(Collected data entries)
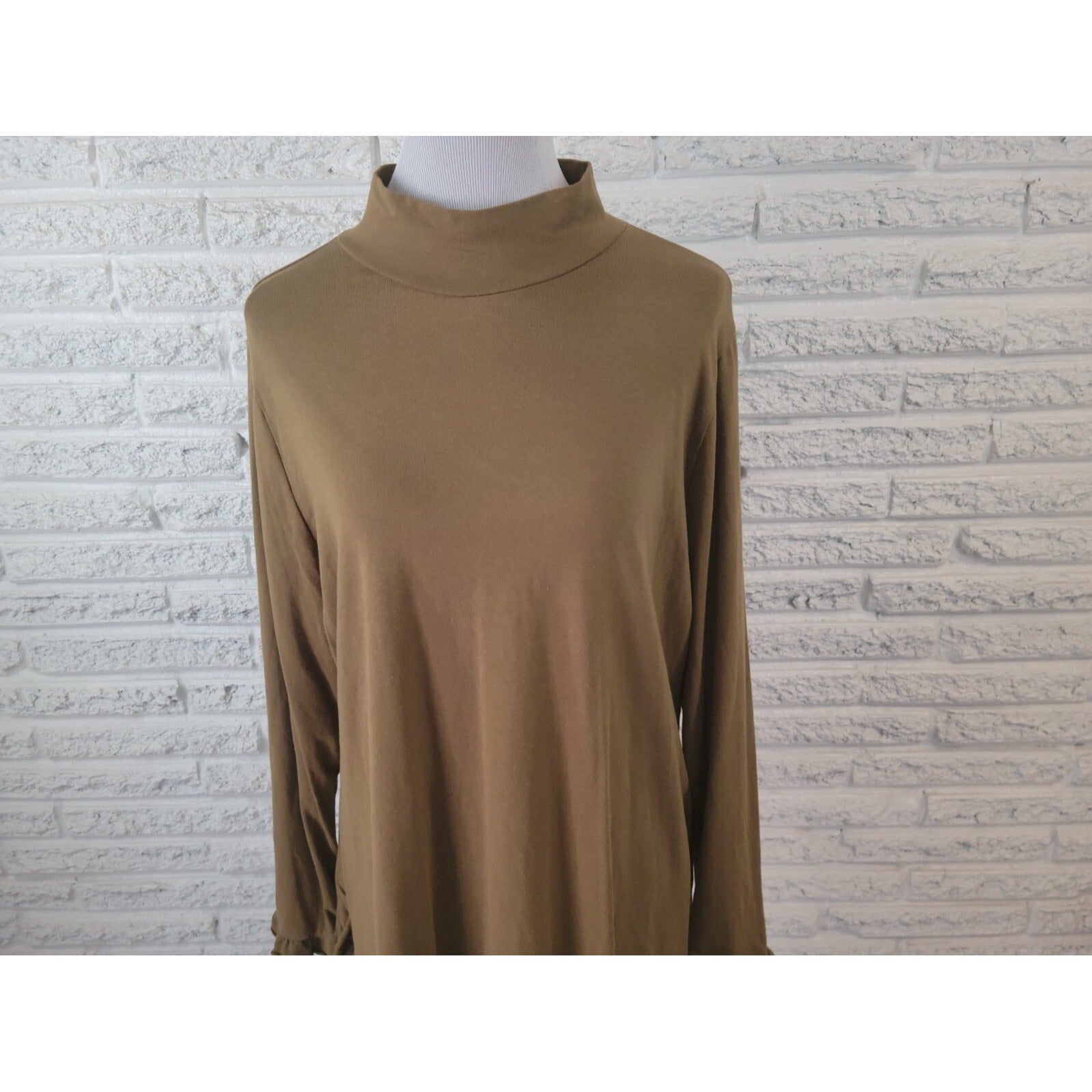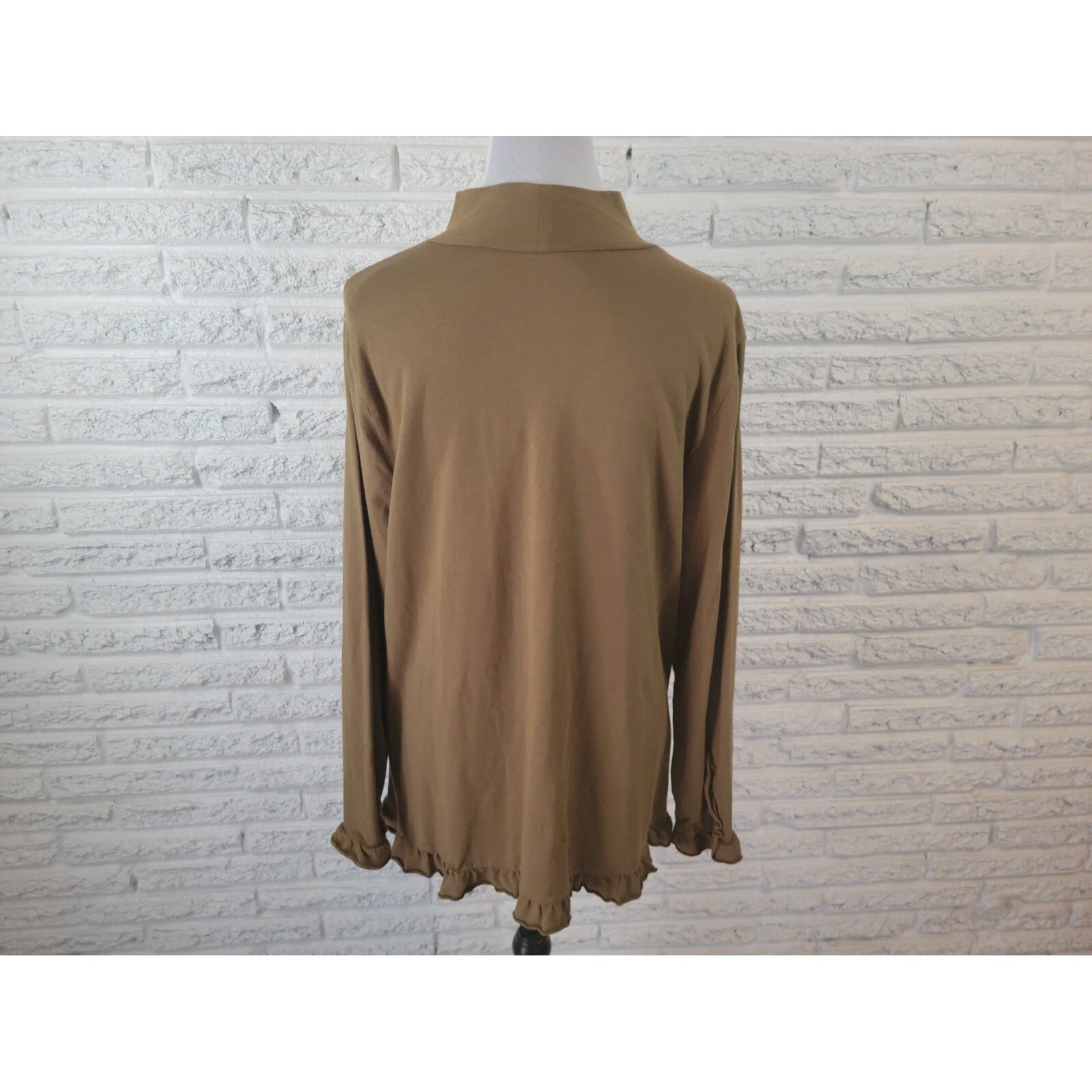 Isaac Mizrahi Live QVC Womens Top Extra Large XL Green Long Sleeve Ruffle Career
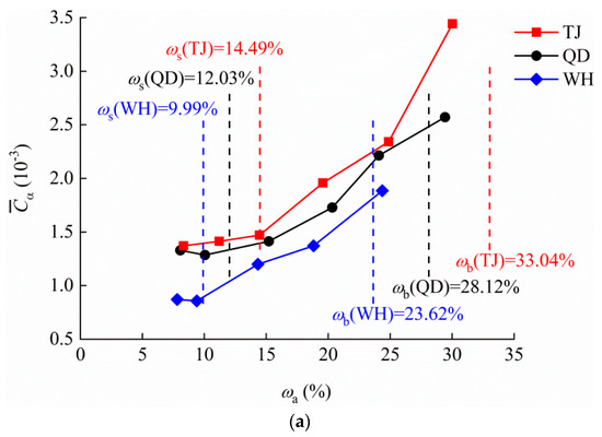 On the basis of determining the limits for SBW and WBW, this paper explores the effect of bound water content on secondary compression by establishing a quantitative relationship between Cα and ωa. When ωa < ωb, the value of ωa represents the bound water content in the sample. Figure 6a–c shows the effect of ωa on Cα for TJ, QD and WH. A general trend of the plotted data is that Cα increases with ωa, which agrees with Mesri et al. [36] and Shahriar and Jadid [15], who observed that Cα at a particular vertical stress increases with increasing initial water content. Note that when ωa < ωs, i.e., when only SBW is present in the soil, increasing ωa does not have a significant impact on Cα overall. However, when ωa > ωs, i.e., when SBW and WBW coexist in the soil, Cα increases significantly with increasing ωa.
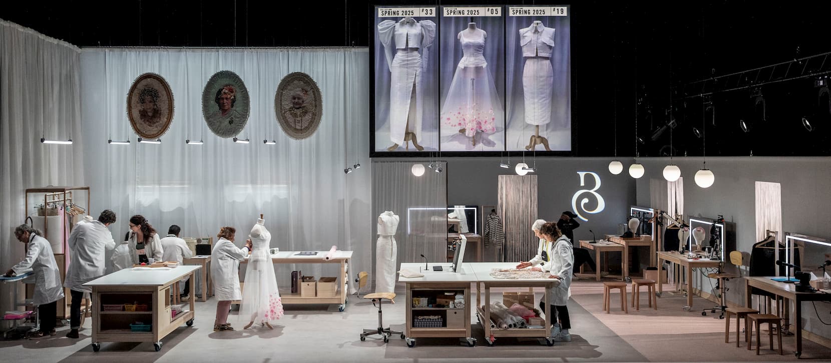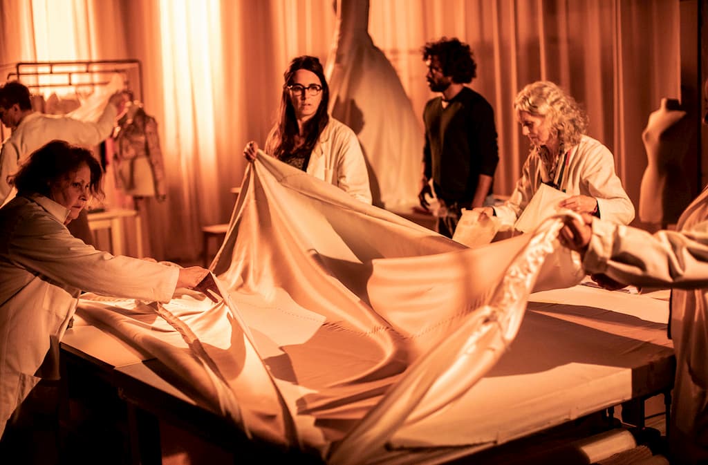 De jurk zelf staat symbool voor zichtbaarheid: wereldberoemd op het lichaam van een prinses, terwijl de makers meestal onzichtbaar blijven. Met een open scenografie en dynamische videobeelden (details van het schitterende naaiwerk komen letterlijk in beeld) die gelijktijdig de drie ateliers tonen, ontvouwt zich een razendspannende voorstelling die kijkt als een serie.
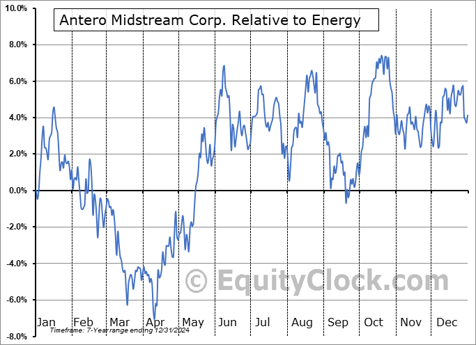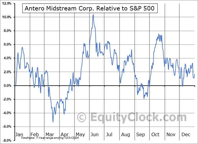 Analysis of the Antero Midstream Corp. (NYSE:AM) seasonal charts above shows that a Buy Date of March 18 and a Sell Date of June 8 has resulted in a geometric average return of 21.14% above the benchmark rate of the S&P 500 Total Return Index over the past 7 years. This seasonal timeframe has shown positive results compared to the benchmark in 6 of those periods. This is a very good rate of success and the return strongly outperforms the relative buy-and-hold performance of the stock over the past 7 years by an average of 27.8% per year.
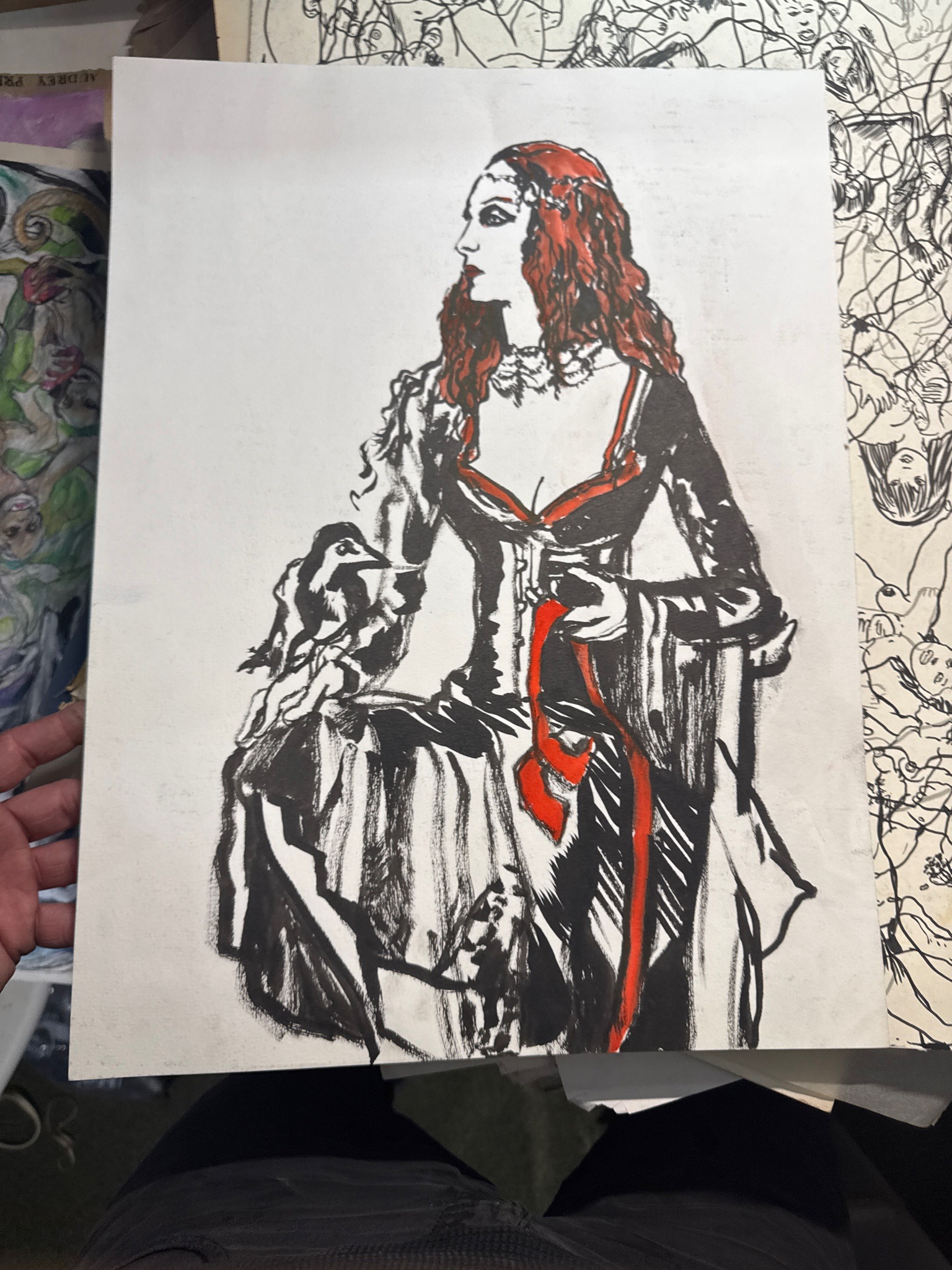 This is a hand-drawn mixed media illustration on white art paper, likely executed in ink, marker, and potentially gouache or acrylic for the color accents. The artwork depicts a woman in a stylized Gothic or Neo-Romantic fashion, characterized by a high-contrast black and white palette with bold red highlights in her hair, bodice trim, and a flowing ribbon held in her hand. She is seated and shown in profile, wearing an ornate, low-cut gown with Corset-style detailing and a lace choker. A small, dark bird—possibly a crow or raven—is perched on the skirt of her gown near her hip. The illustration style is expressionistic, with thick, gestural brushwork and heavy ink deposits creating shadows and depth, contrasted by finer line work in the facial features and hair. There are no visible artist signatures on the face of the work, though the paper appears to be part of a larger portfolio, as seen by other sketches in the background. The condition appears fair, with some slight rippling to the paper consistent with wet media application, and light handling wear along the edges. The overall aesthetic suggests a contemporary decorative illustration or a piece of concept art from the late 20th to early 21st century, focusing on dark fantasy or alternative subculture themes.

[Task instructions]
Repeat each record verbatim, pictures excluded.

[Solution to this task]
 Isaac Mizrahi Live QVC Womens Top Extra Large XL Green Long Sleeve Ruffle Career
 On the basis of determining the limits for SBW and WBW, this paper explores the effect of bound water content on secondary compression by establishing a quantitative relationship between Cα and ωa. When ωa < ωb, the value of ωa represents the bound water content in the sample. Figure 6a–c shows the effect of ωa on Cα for TJ, QD and WH. A general trend of the plotted data is that Cα increases with ωa, which agrees with Mesri et al. [36] and Shahriar and Jadid [15], who observed that Cα at a particular vertical stress increases with increasing initial water content. Note that when ωa < ωs, i.e., when only SBW is present in the soil, increasing ωa does not have a significant impact on Cα overall. However, when ωa > ωs, i.e., when SBW and WBW coexist in the soil, Cα increases significantly with increasing ωa.
 De jurk zelf staat symbool voor zichtbaarheid: wereldberoemd op het lichaam van een prinses, terwijl de makers meestal onzichtbaar blijven. Met een open scenografie en dynamische videobeelden (details van het schitterende naaiwerk komen letterlijk in beeld) die gelijktijdig de drie ateliers tonen, ontvouwt zich een razendspannende voorstelling die kijkt als een serie.
 Analysis of the Antero Midstream Corp. (NYSE:AM) seasonal charts above shows that a Buy Date of March 18 and a Sell Date of June 8 has resulted in a geometric average return of 21.14% above the benchmark rate of the S&P 500 Total Return Index over the past 7 years. This seasonal timeframe has shown positive results compared to the benchmark in 6 of those periods. This is a very good rate of success and the return strongly outperforms the relative buy-and-hold performance of the stock over the past 7 years by an average of 27.8% per year.
 This is a hand-drawn mixed media illustration on white art paper, likely executed in ink, marker, and potentially gouache or acrylic for the color accents. The artwork depicts a woman in a stylized Gothic or Neo-Romantic fashion, characterized by a high-contrast black and white palette with bold red highlights in her hair, bodice trim, and a flowing ribbon held in her hand. She is seated and shown in profile, wearing an ornate, low-cut gown with Corset-style detailing and a lace choker. A small, dark bird—possibly a crow or raven—is perched on the skirt of her gown near her hip. The illustration style is expressionistic, with thick, gestural brushwork and heavy ink deposits creating shadows and depth, contrasted by finer line work in the facial features and hair. There are no visible artist signatures on the face of the work, though the paper appears to be part of a larger portfolio, as seen by other sketches in the background. The condition appears fair, with some slight rippling to the paper consistent with wet media application, and light handling wear along the edges. The overall aesthetic suggests a contemporary decorative illustration or a piece of concept art from the late 20th to early 21st century, focusing on dark fantasy or alternative subculture themes.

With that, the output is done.